Ein Stück vor dem Steirer war ein 64-jähriger Bergführer mit sieben Gästen unterwegs. Er entschied sich, den östlichen Hang nicht abzufahren und querte ihn mit seiner Gruppe parallel zur Spur eines Pistengeräts. Der 40-Jährige fuhr noch ein kleines Stück ab, bevor er den Hang queren wollte. Dabei stürzte er in eine etwa zwölf Meter tiefe und oben nur etwa einen halben Meter breite Gletscherspalte, der die Gruppe vor ihm ausgewichen war.

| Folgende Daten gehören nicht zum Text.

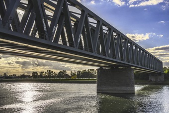Das Bild zeigt eine Rheinbrücke bei Karlsruhe. Das Bild ist unter CC0 lizenziert und kann somit frei verwendet werden.
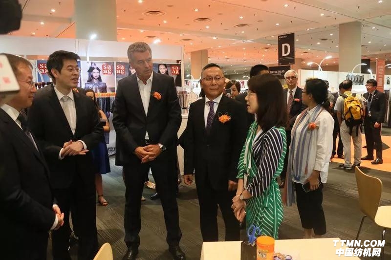 中國紡織工業(yè)聯(lián)合會副會長,中國國際貿(mào)易促進委員會紡織行業(yè)分會常務(wù)副會長徐迎新、中國駐紐約總領(lǐng)事館代總領(lǐng)事趙宇敏、商務(wù)參贊周善青、中國針織工業(yè)協(xié)會副會長瞿靜、南京市商務(wù)局副局長李大軍、深圳內(nèi)衣協(xié)會常務(wù)副會長張峰偉、德國法蘭克福展覽公司董事Detlef Braun、法蘭克福展覽美國公司總裁Dennis Smith、法蘭克福展覽(香港)有限公司高級總經(jīng)理溫婷、法蘭克福展覽(上海)有限公司總經(jīng)理趙慰平、美國時尚產(chǎn)業(yè)協(xié)會董事會主席Michael Singer、美國時尚產(chǎn)業(yè)協(xié)會會長Julia K. Hughs出席開幕式并剪彩。
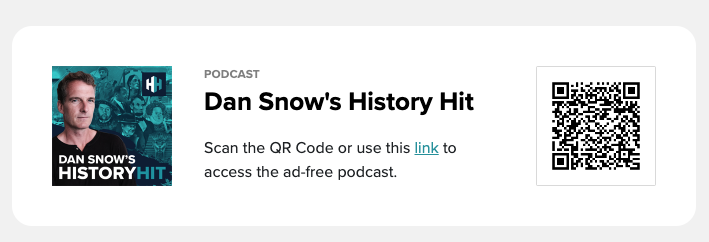 Once you’ve signed up to History Hit, you will be directed to a page that lists out all of our podcast series with a QR code next to it. Here’s an example of Dan Snow’s History Hit.
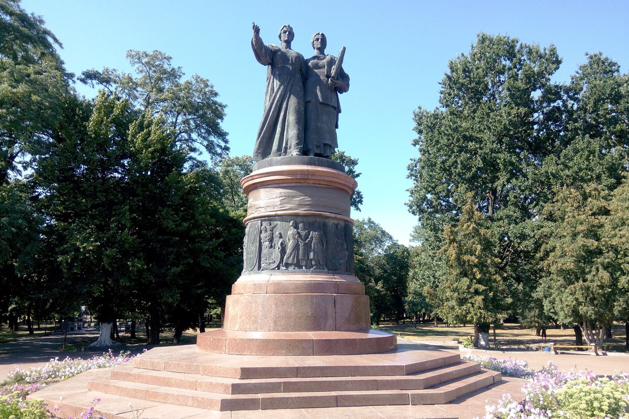 Монумент 300-летию воссоединения Украины с Россией изображает украинку, которая держит в руках Конституцию, и русскую, которая указывает вперед. Еще до российского вторжения в Украину в Переяславе шли разговоры о демонтаже памятника.
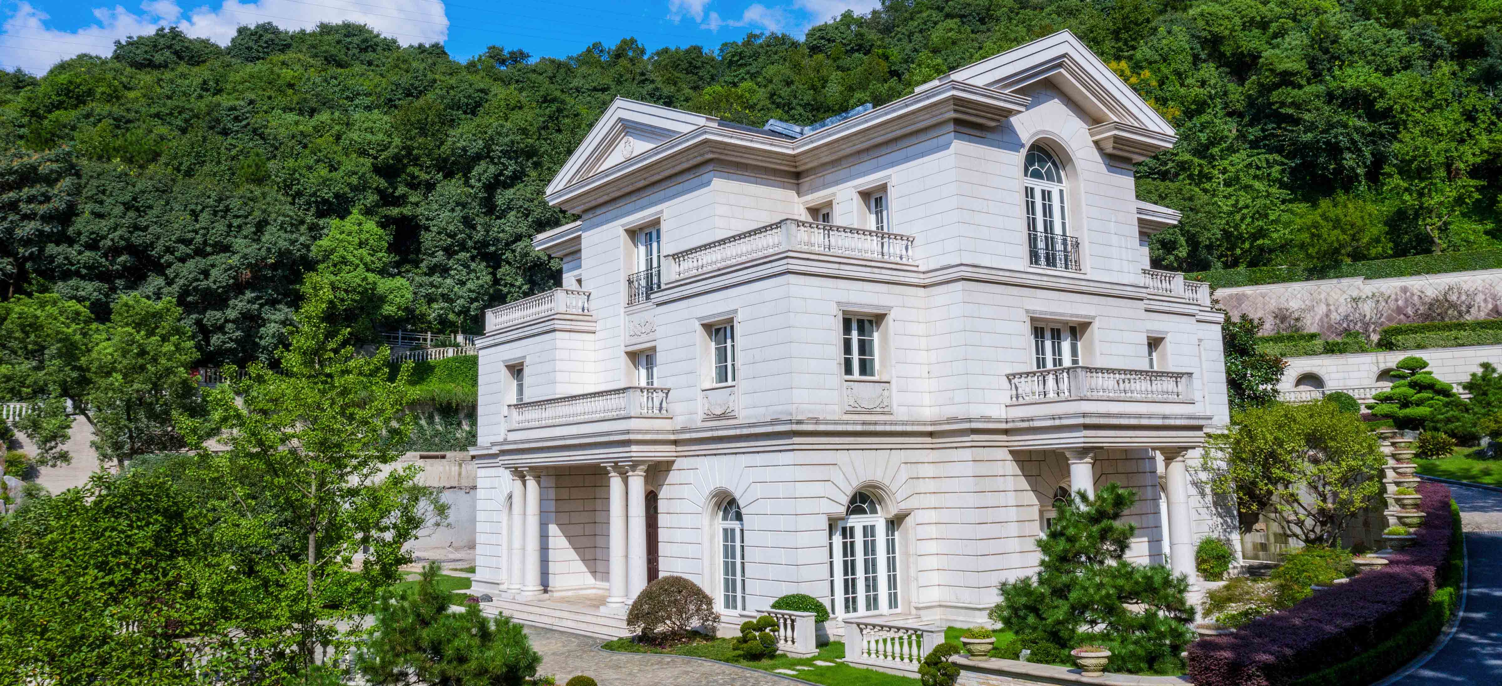 該別墅項目外墻選用進口萊姆石,質地精良,精雕細刻,盡顯王者之氣。進口日本黑松、羅漢松與本土樹種參差搭配,賞心悅目,襯托出一片祥和與寧靜。作為德國高端定制門窗與陽光房系統供應商,漢斯諾克充分發揮技術優勢,并邀請德方設計師全程參與,應用超大弧形窗、T型陽光房等經典造型,與建筑園林完美結合,融為一體,步移景換,彼此呼應,使建筑本身的美學價值卓然出眾。

Eine weiche Schneebrücke dämpfte den Aufprall des Tourengehers. Die bisher offenen Gletscherspalten sind derzeit teilweise vom frisch gefallenen Schnee überdeckt und sehr schwer zu erkennen, erklärte die Polizei. Der 64-Jährige und seine Schützlinge beobachteten den Sturz und riefen die Einsatzkräfte. Der Bergführer verständigte außerdem vier Kameraden vom Bergrettungsdienst, die auch am Dachstein waren. Gemeinsam begannen sie mit der Rettung des 40-Jährigen, der ansprechbar war, aber über Atemnot und Unterkühlung klagte. Der Mann zog sich in der Spalte seine Steigeisen an und wartete auf Hilfe, berichtete die Bergrettung Hallstatt.

Weitere Bergretter, ein Alpinpolizist, ein Notarzt und Flugretter gelangten via Hubschrauber zur Unglücksstelle. Am Berg herrschte teils sehr böiger Wind. Nach über einer Stunde gelang es, den Steirer aus der Spalte zu retten. Er lehnte es ab, ins Krankenhaus eingeliefert zu werden, nachdem der Notarzt ihn untersucht hatte. Er wurde mit dem Pistengerät zur Seilbahn gebracht und fuhr mit dieser ins Tal.

Der Mann hatte als Alleingänger extremes Glück, dass Zeugen seinen Sturz beobachtet hatten. In der Spalte hätte ihn niemand rufen gehört oder gesehen, hieß es von der Bergrettung Hallstatt.